EXERCISE DIRECTIONS: Pictures in the listing do not belong in the copy, which should repeat exactly the lines from the one holding "Во время экскурсии" through the last line.

SUPPLIED DATA:
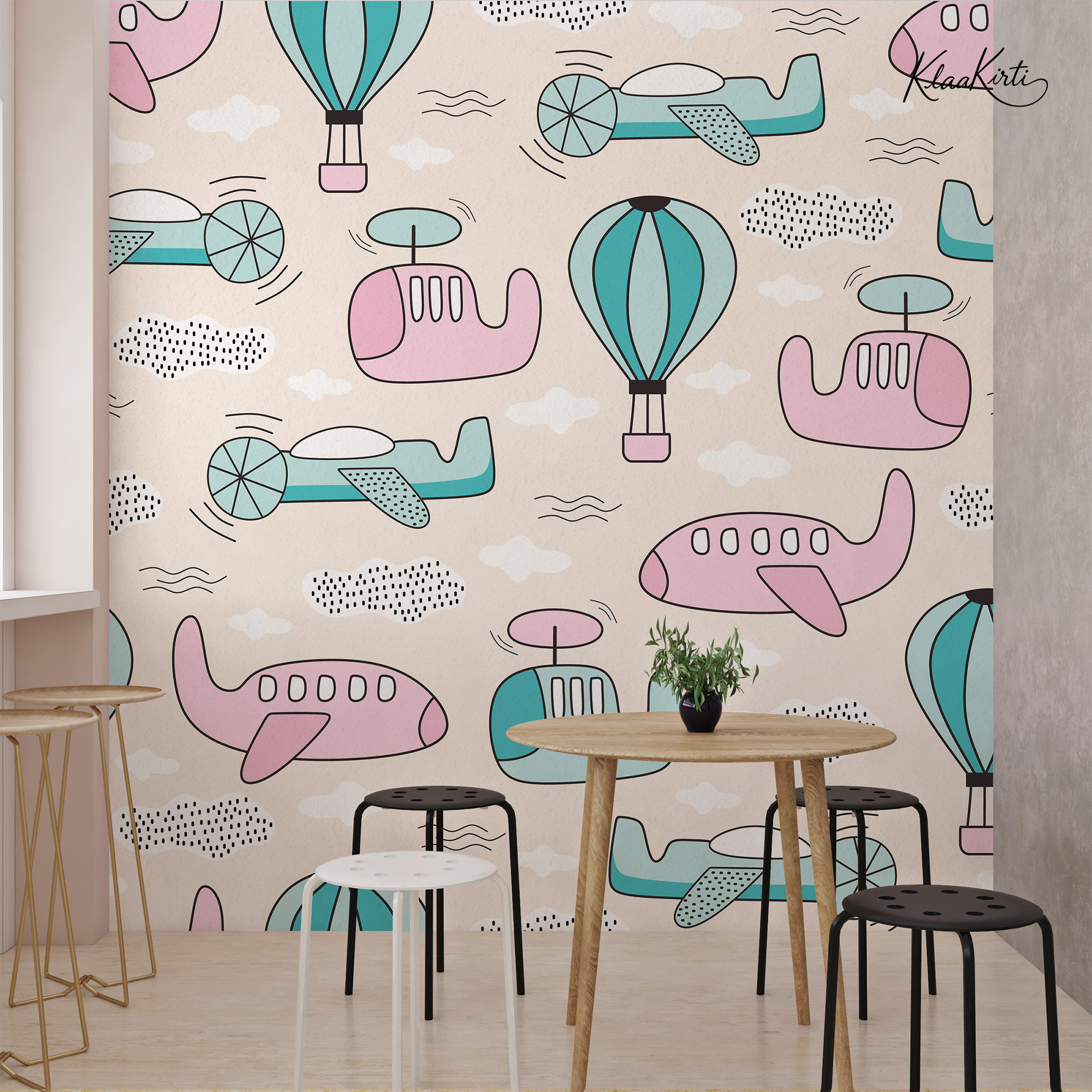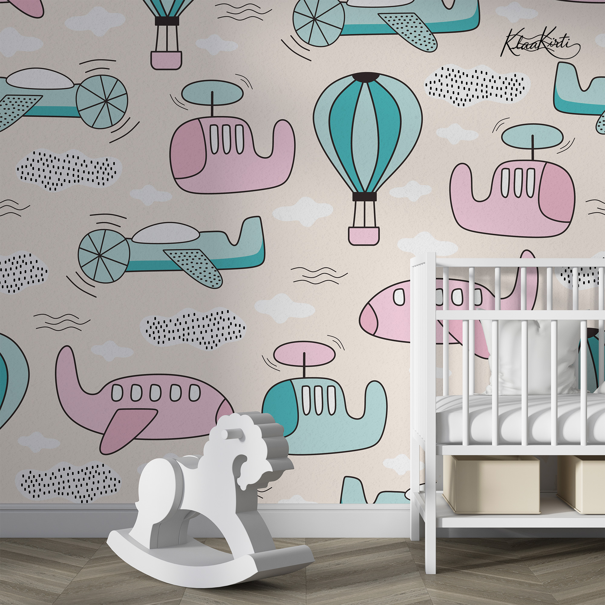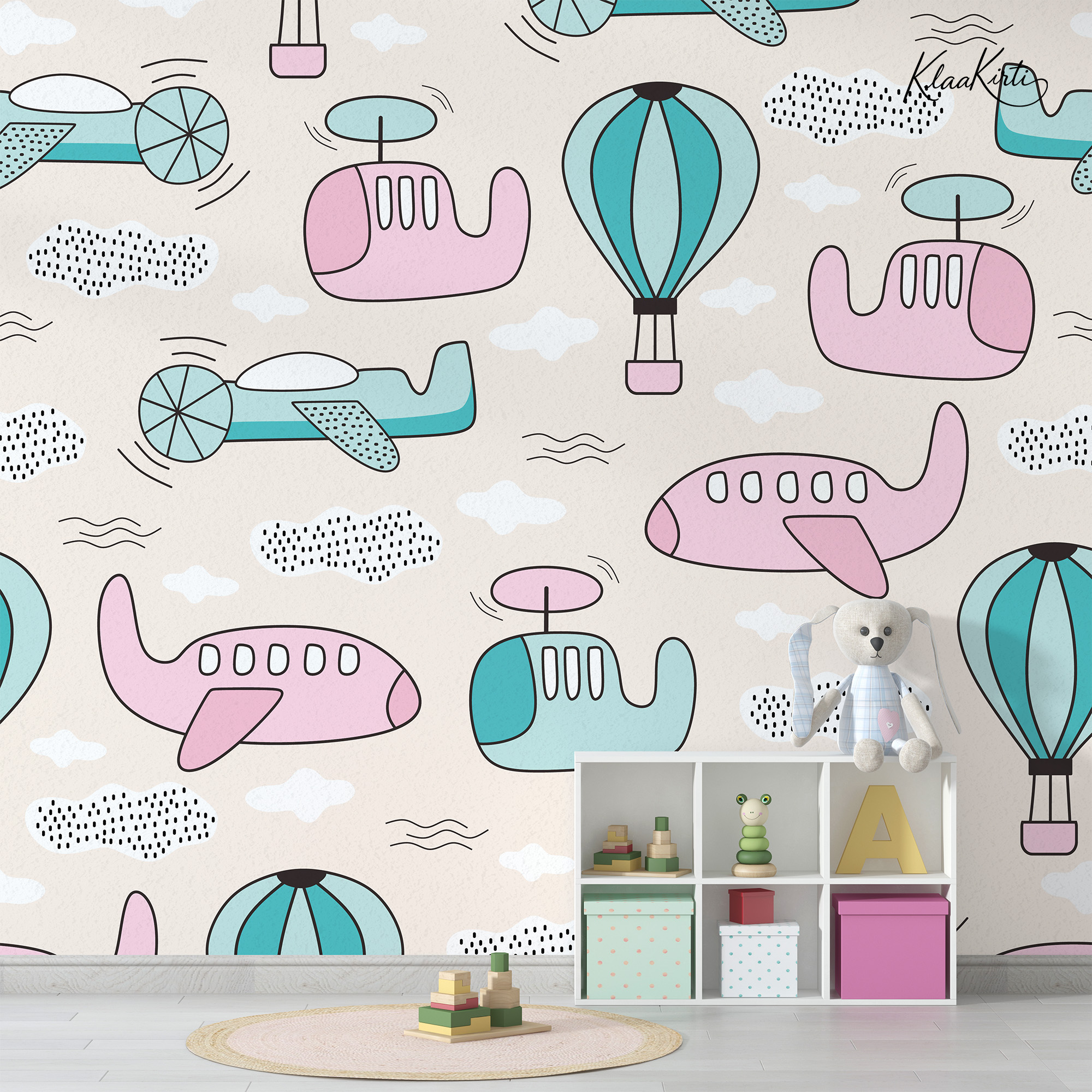 Elevate Your Walls with Pastel Planes and Hot Air Balloons Kids Premium Wallpaper
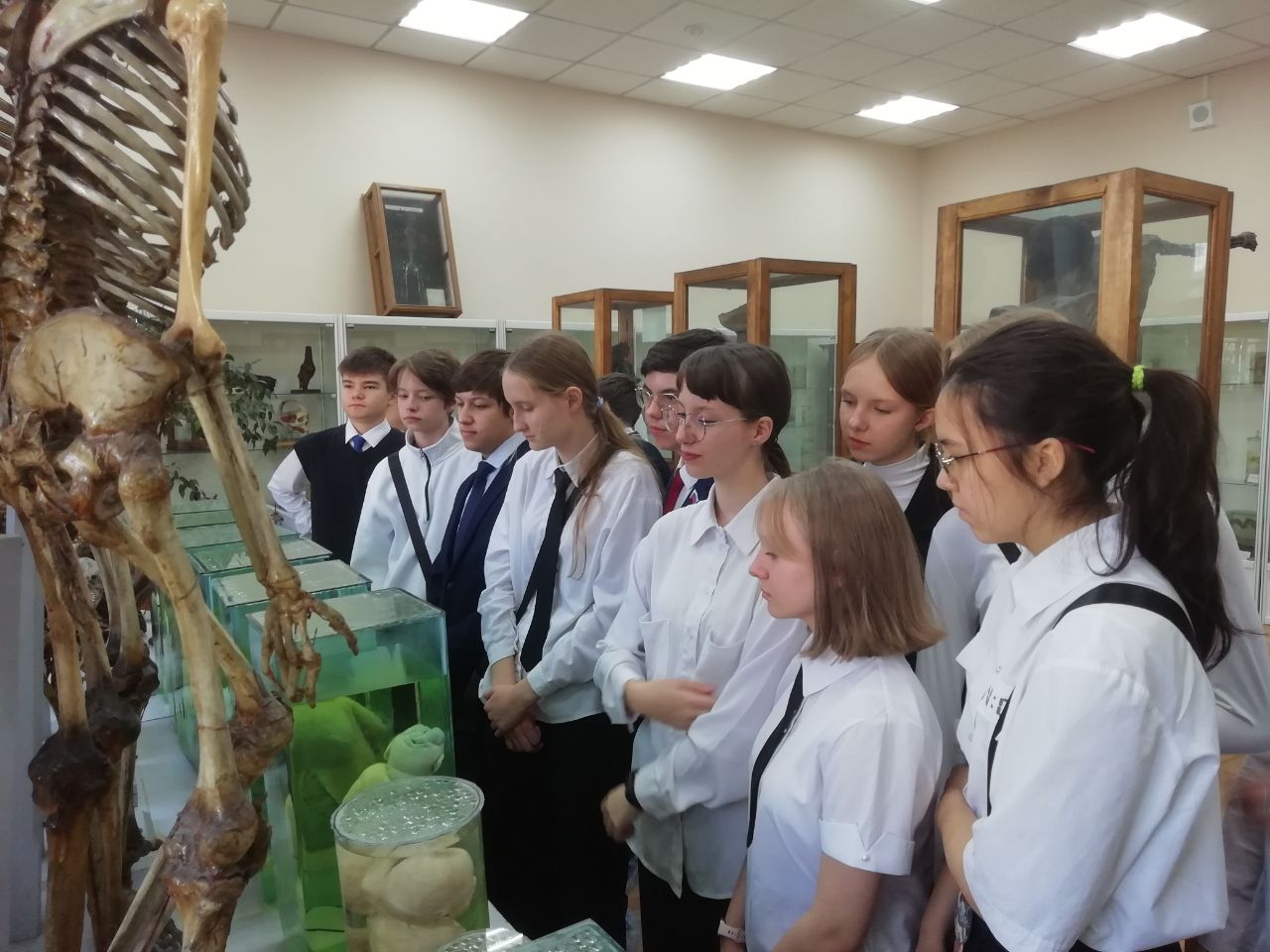 Во время экскурсии 18 учеников 8 «А» класса увидели уникальные экспонаты, демонстрирующие последствия воздействия никотина, алкоголя и наркотических средств на организм человека, включая сравнительные образцы здоровых и поврежденных органов, а также эмбрионы с аномалиями развития.
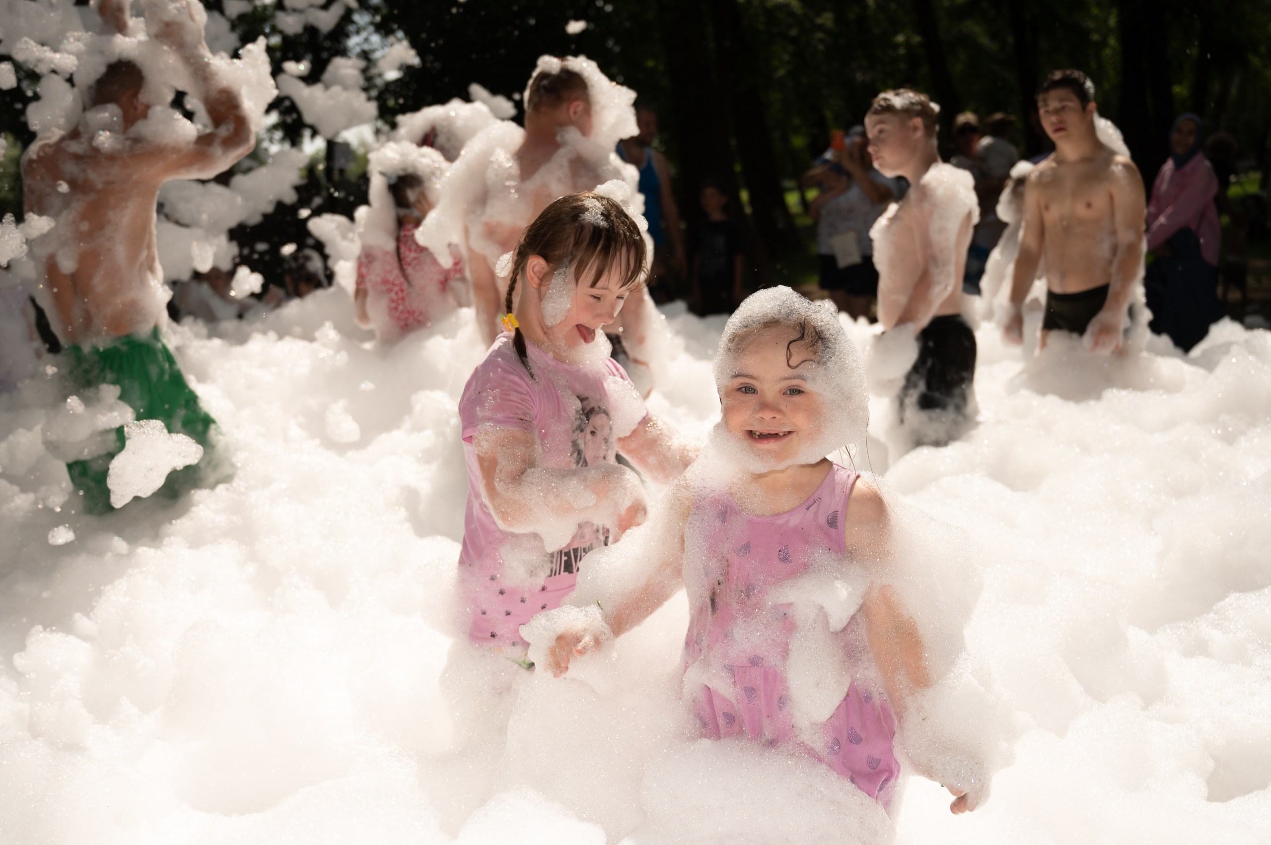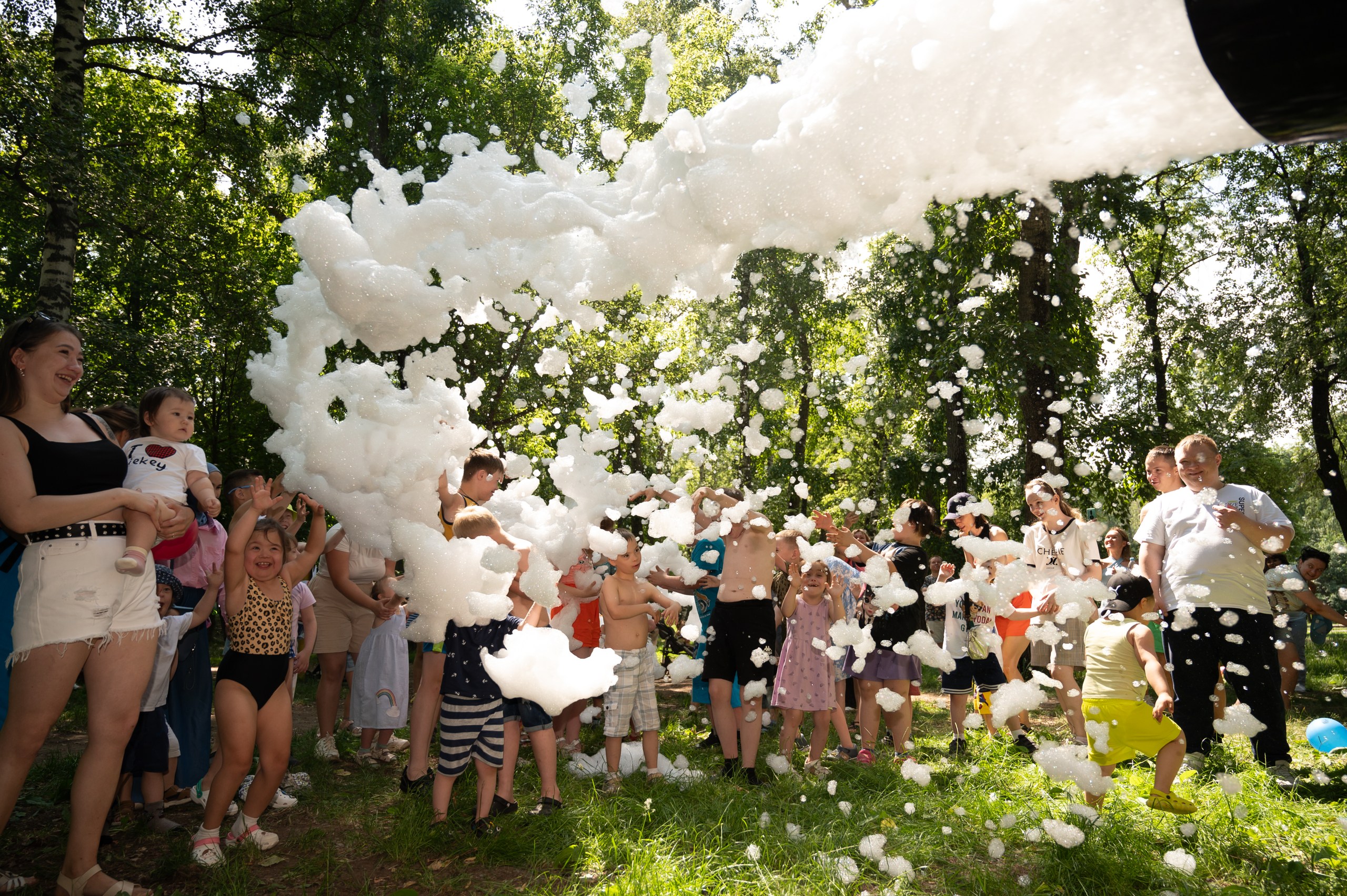 Для особенных ребят были организованы танцы, полезные игры с педагогами ГБУ «ЦССУ г.Казани», праздничный стол с морсами, мороженным и прочими сладостями. После настал долгожданный момент, когда малышей накрыло огромное пенное облако.

SOLUTION:
 Во время экскурсии 18 учеников 8 «А» класса увидели уникальные экспонаты, демонстрирующие последствия воздействия никотина, алкоголя и наркотических средств на организм человека, включая сравнительные образцы здоровых и поврежденных органов, а также эмбрионы с аномалиями развития.
 Для особенных ребят были организованы танцы, полезные игры с педагогами ГБУ «ЦССУ г.Казани», праздничный стол с морсами, мороженным и прочими сладостями. После настал долгожданный момент, когда малышей накрыло огромное пенное облако.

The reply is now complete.